- What the exercise asks
Without any pictures, retype exactly the lines that begin at the one holding "Colección de herramientas" and end at the last line of the data below.
Material provided: Begin
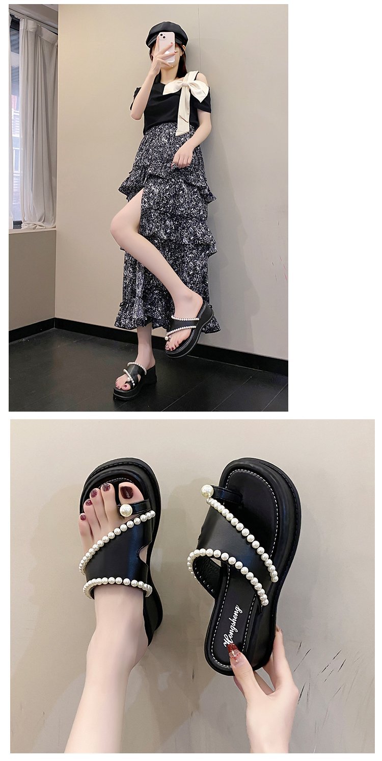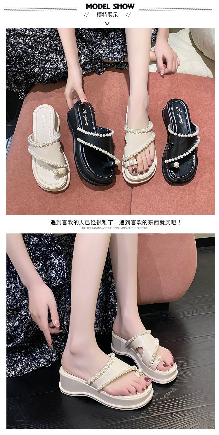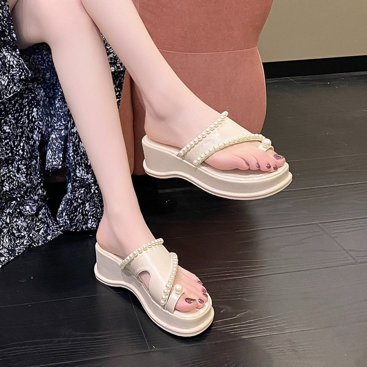 진주 발가락 샌들 여성의 2024 여름 새로운 요정 스타일 두꺼운 밑바닥 유행 플립 플롭스토어 가기
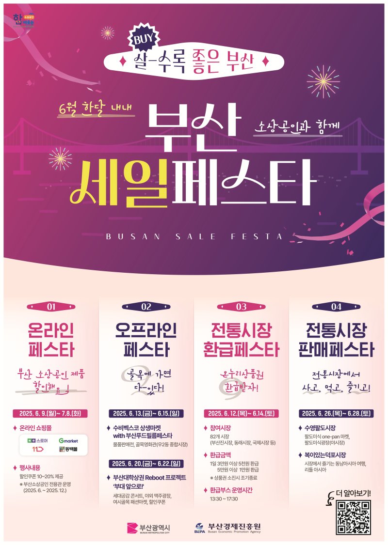 박형준 시장은 "이번 부산세일페스타가 지역 상권과 전통시장에 새로운 활력을 불어넣는 계기가 되길 바란다"면서 "앞으로도 지역 소비를 촉진할 수 있는 다양한 정책을 계속해서 추진하겠다”라고 밝혔다.
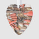 Colección de herramientas antiguas manipuladas de color rojo en una mesa de un mercadillo.
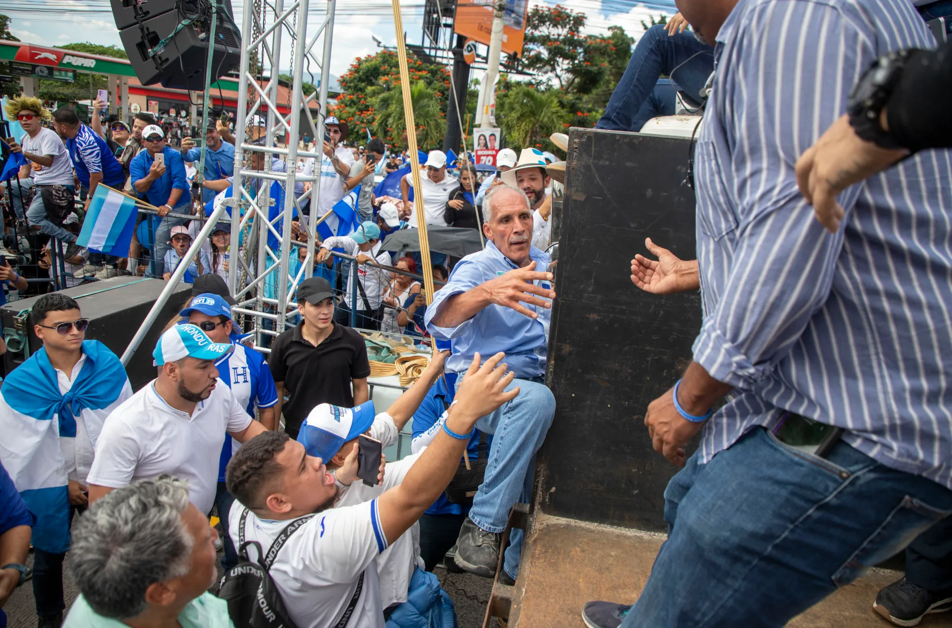 La noche comenzó con una mezcla de reguetón y cánticos cristianos, anunciando a un pastor que llegó a bendecir las candidaturas de Asfura y su candidato a alcalde de la capital, Juan Diego Zelaya. Asfura es un hombre de 68 años, pero cuando aparece en el escenario salta, grita con la energía de un jovencito y le clava tres besos en la boca a su esposa, porque Asfura no solo es el candidato bendecido por Trump, sino también el protector de la familia tradicional, de la Iglesia, de “los valores cristianos”.
Material provided: End
- Problem solution
 Colección de herramientas antiguas manipuladas de color rojo en una mesa de un mercadillo.
 La noche comenzó con una mezcla de reguetón y cánticos cristianos, anunciando a un pastor que llegó a bendecir las candidaturas de Asfura y su candidato a alcalde de la capital, Juan Diego Zelaya. Asfura es un hombre de 68 años, pero cuando aparece en el escenario salta, grita con la energía de un jovencito y le clava tres besos en la boca a su esposa, porque Asfura no solo es el candidato bendecido por Trump, sino también el protector de la familia tradicional, de la Iglesia, de “los valores cristianos”.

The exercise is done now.